_What the task asks_
Transcribe only the part of the material below that begins at the line containing "Boucle d’oreille puce" and ends at the line containing "据 观察,截止到发稿时,BitStable 在", with both kept and images left out.

_Dataset excerpts_
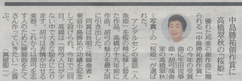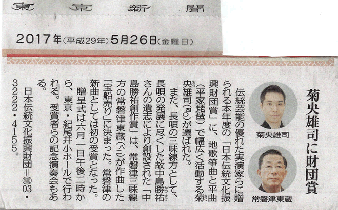 第六回中島勝祐創作賞受賞の記事が 2017年5月26日の東京新聞に掲載されました。
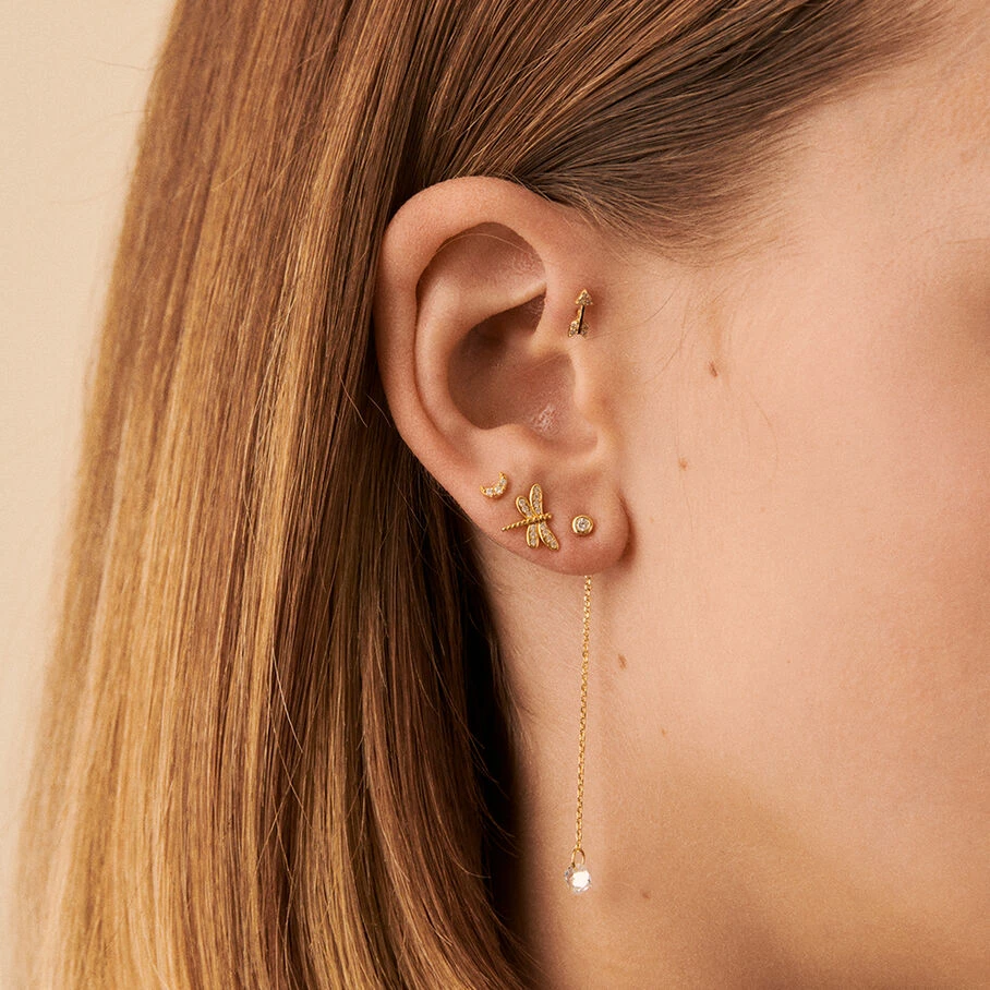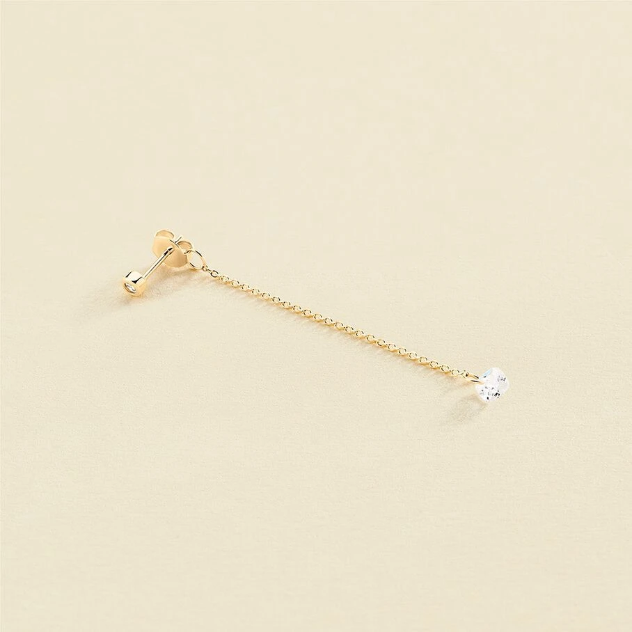Boucle d’oreille puce boule et chaine accrochée au papillon avec un oxyde de zirconium en forme de coussin percé au bout de la chaine, en argent véritable doré 750/1000. A l’unité pour mieux les mixer et les accumuler
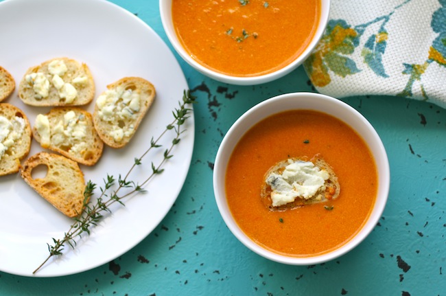 Recipe for Roasted Tomato Bisque with Blue Cheese Croutons
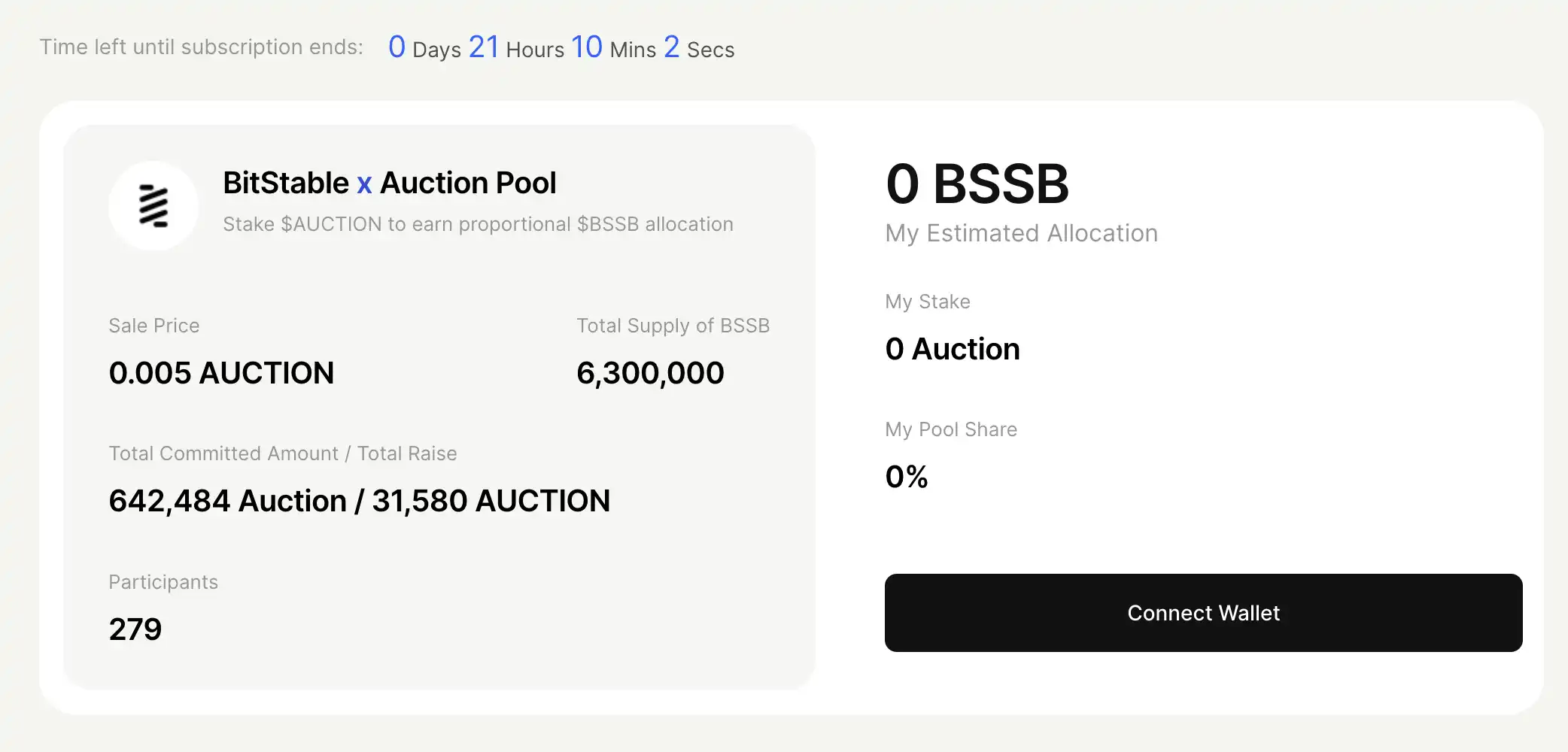 据 观察,截止到发稿时,BitStable 在 Bounce Finance 上吸引了 279 名参与者,$BSSB 的总供应量为 6,300,000 枚,而用户质押的$AUCTION 为 642,484 枚。
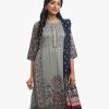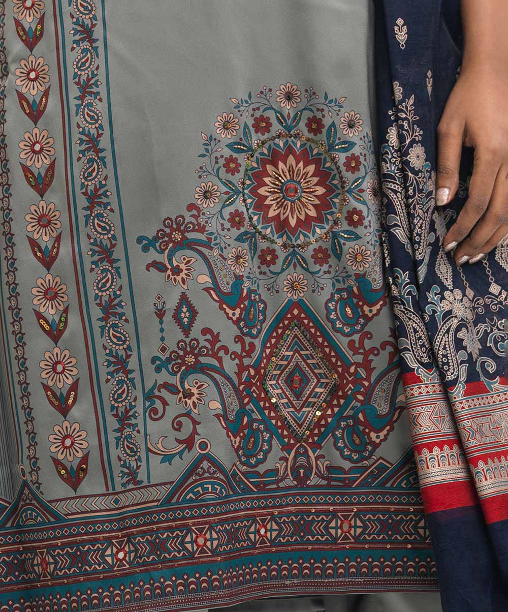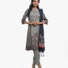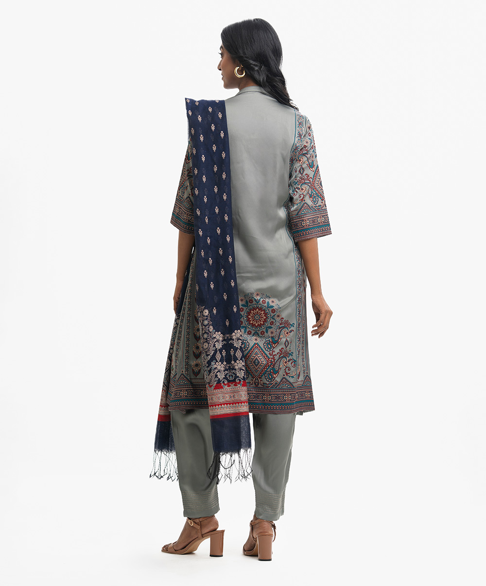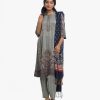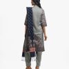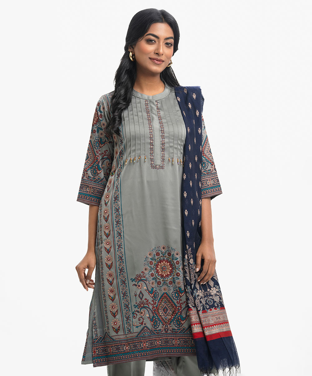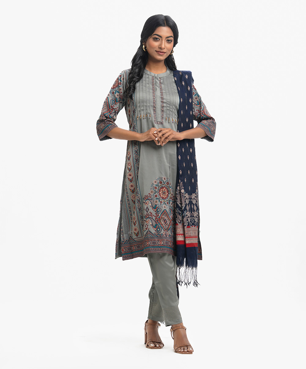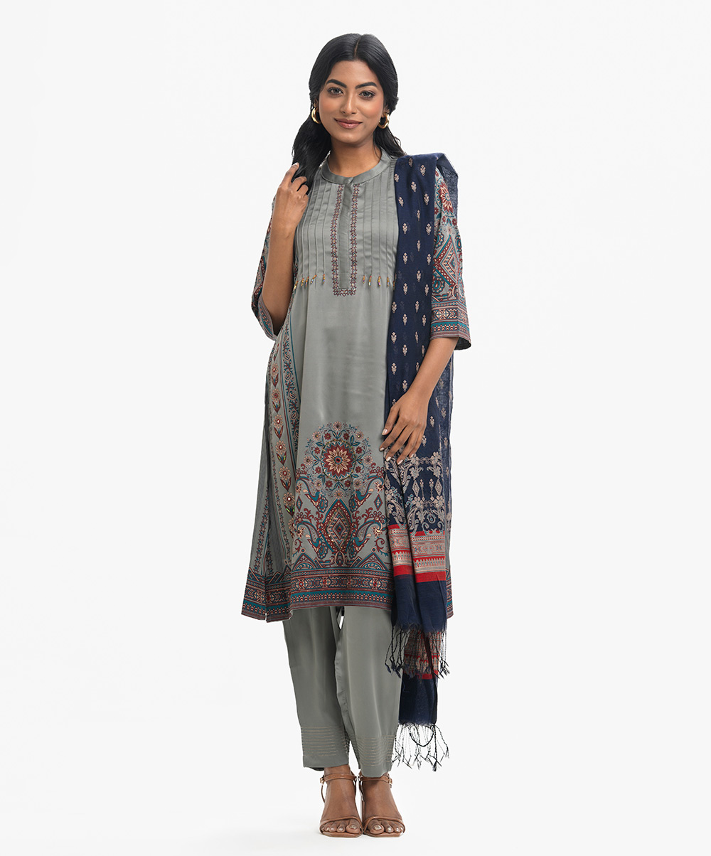 Women’s ethnic printed salwar kameez in blended fabric. Stand collar, three-quarter sleeves and heavy karchupi & pintuck detail at the front of kameez. Half-silk dupatta with classic pajama with embroidery work.
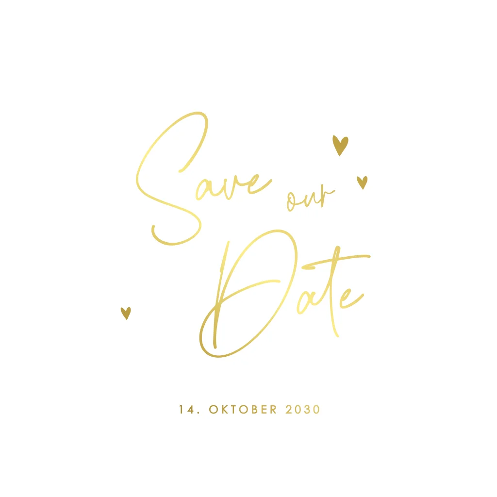 Save the Date Karte in Sechseckform mit Herzen und Foliendruck
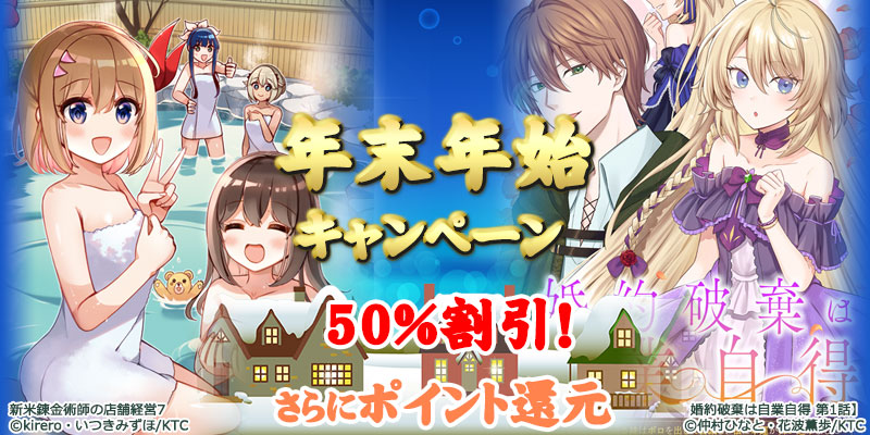 年末年始キャンペーン 50%割引のうえポイント還元
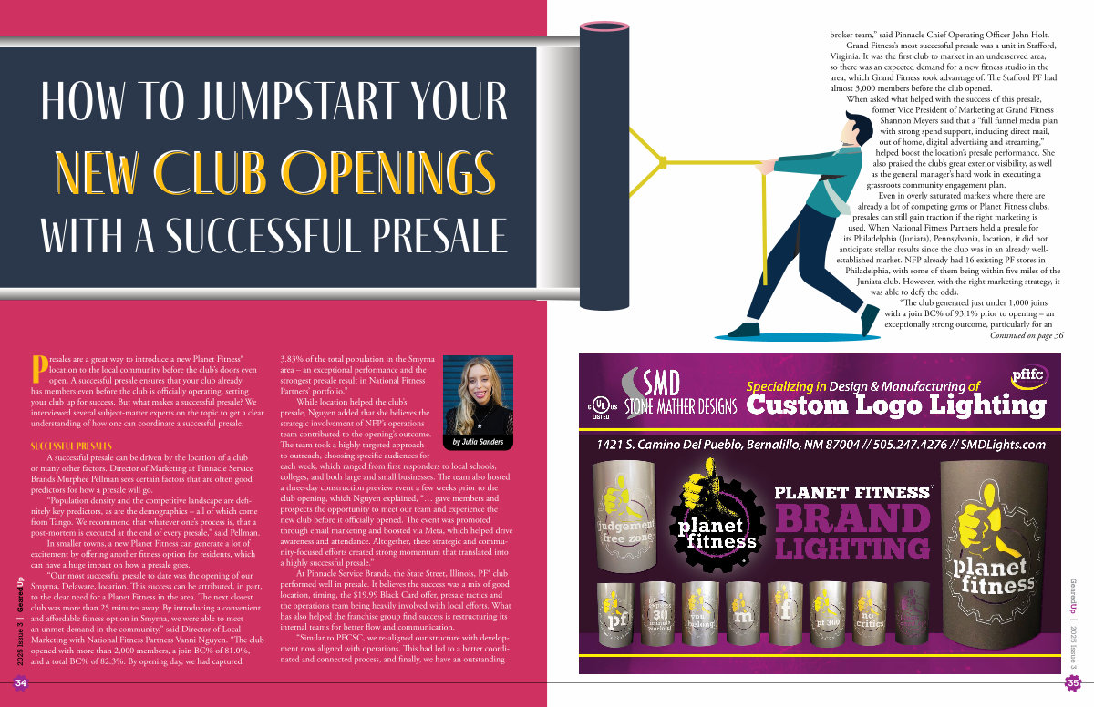 When asked what helped with the success of this presale, former Vice President of Marketing at Grand Fitness Shannon Meyers said that a“ full funnel media plan with strong spend support, including direct mail, out of home, digital advertising and streaming,” helped boost the location’ s presale performance. She also praised the club’ s great exterior visibility, as well as the general manager’ s hard work in executing a grassroots community engagement plan.
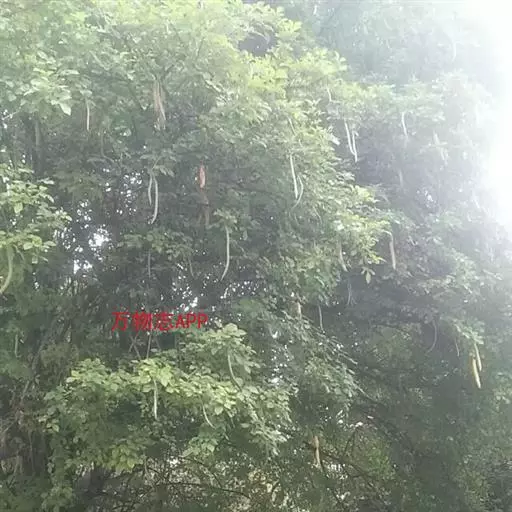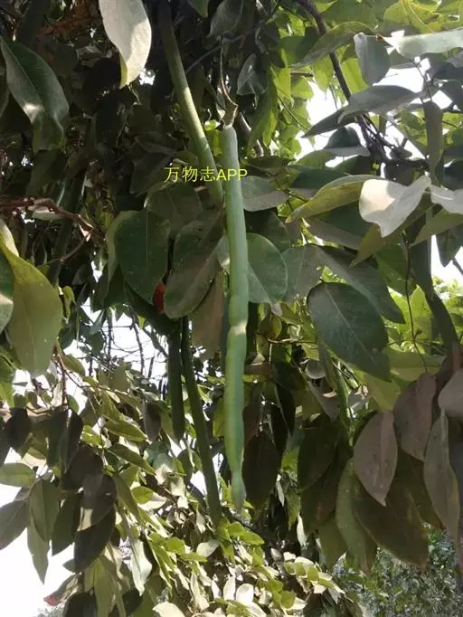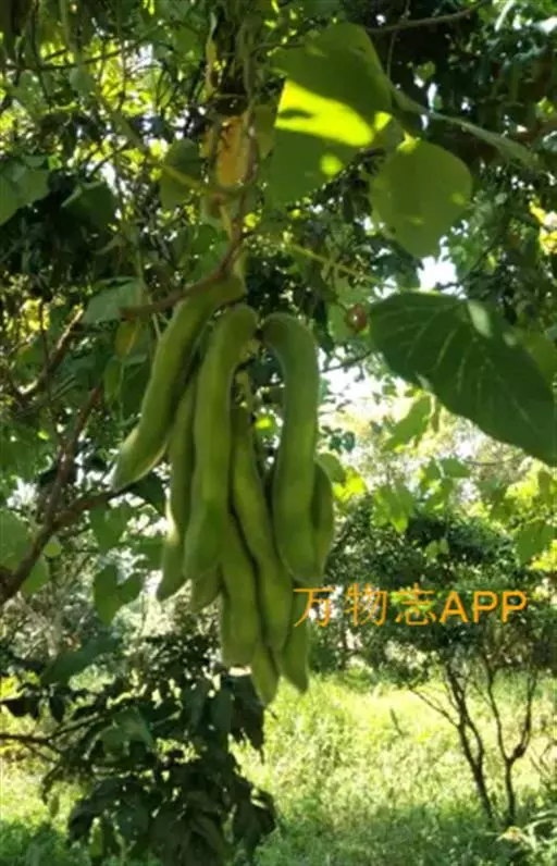 荚果圆柱形,长30-60厘米,直径2-2.5厘米,黑褐色,不开裂,有3条槽纹;种子40-100颗,为横隔膜所分开。花期6-8月;果期10月。
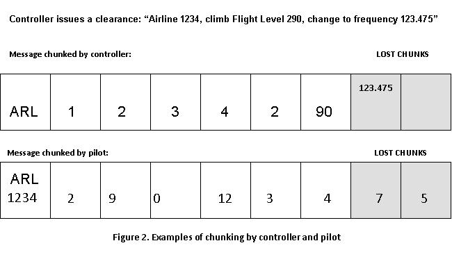 The way in which the information contained in a message is chunked depends on the person receiving the message: a pilot and ATCO are likely to chunk a message in rather different ways. This is due to the familiarity of each person and their professional experiences. It is also associated with the position of the person, either as the sender or the receiver. Figure 2 gives examples of how this might occur:
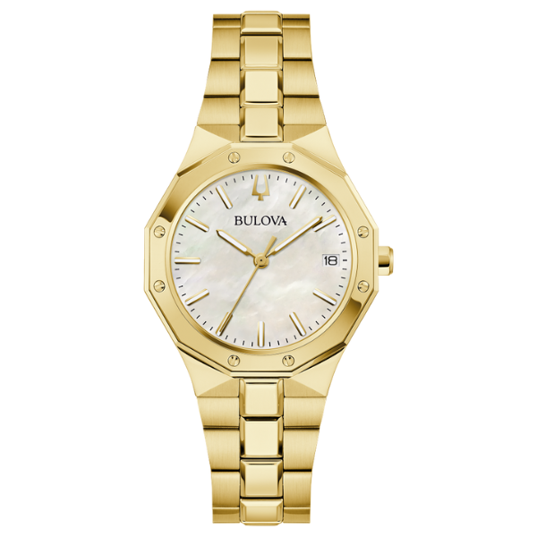 MODEL: 97M119Bold, elevated design characterizes this Classic Bulova Prestige womenÕs timepiece that balances bold design with an elegant presence. The watch features a faceted 32mm gold-tone stainless steel case with a geometric bezel, flat sapphire crystal with anti-reflective coating, 100m of water resistance, and a chamfered 3-link bracelet with brushed and polished finishes and a push-button deployant closure. The lustrous mother-of-pearl dial has gold-tone hands and applied markers with Super-LumiNova luminescent fill and a date display. Striking in both its modernity and its sophistication, this Bulova ladiesÕ watch is an ideal companion on any wrist.
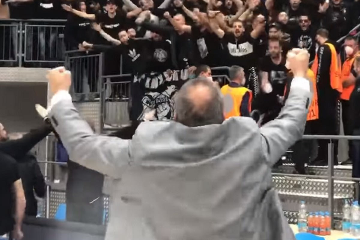 Αποθέωση για τον ΠΑΟΚ μετά την νίκη επί της Νίμπουκ για το Basketball Champions League, αποθέωση και για τον πρόεδρο της ΚΑΕ, Θανάση Χατζόπουλο, που έδωσε το σύνθημα και τραγουδούσε μαζί με τους οπαδούς της ομάδας.
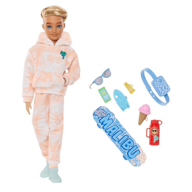 Boneco Ken Barbie Dream Besties com Acessórios – Ambientalista com Skate e Itens de Estilo

_Problem solution_
Boucle d’oreille puce boule et chaine accrochée au papillon avec un oxyde de zirconium en forme de coussin percé au bout de la chaine, en argent véritable doré 750/1000. A l’unité pour mieux les mixer et les accumuler
 Recipe for Roasted Tomato Bisque with Blue Cheese Croutons
 据 观察,截止到发稿时,BitStable 在 Bounce Finance 上吸引了 279 名参与者,$BSSB 的总供应量为 6,300,000 枚,而用户质押的$AUCTION 为 642,484 枚。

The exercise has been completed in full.